Start of DATA SHOWN

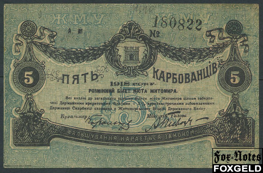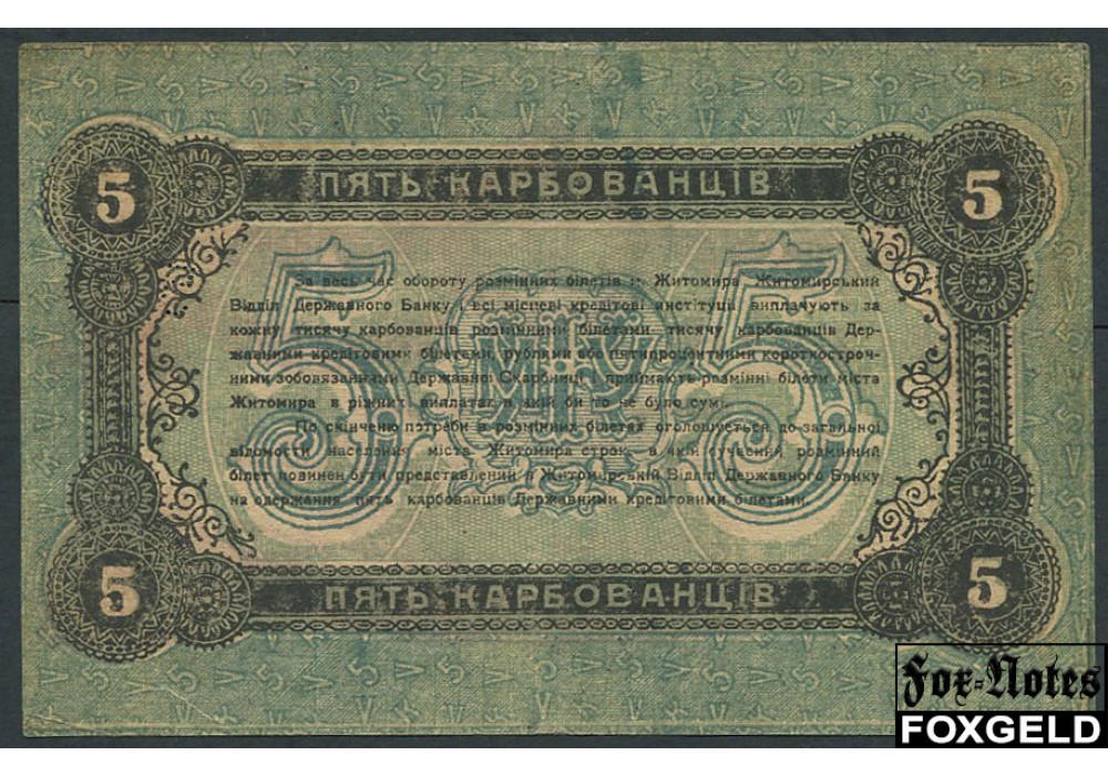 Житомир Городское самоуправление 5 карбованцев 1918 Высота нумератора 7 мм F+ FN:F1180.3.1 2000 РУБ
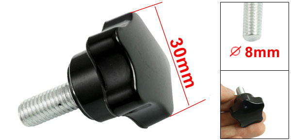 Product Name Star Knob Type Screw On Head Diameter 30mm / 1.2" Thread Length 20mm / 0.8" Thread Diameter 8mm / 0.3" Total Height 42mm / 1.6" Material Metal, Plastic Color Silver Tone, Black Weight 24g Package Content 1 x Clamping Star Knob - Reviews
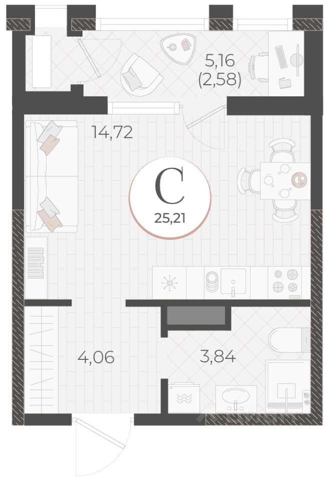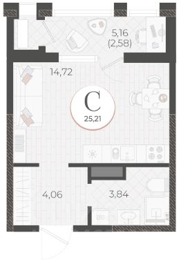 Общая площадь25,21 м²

End of DATA SHOWN

*WHAT TO WORK ON:*
Repeat the listing verbatim. Skip the pictures.

*SOLUTION FOR THIS PROBLEM:*
 Житомир Городское самоуправление 5 карбованцев 1918 Высота нумератора 7 мм F+ FN:F1180.3.1 2000 РУБ
 Product Name Star Knob Type Screw On Head Diameter 30mm / 1.2" Thread Length 20mm / 0.8" Thread Diameter 8mm / 0.3" Total Height 42mm / 1.6" Material Metal, Plastic Color Silver Tone, Black Weight 24g Package Content 1 x Clamping Star Knob - Reviews
 Общая площадь25,21 м²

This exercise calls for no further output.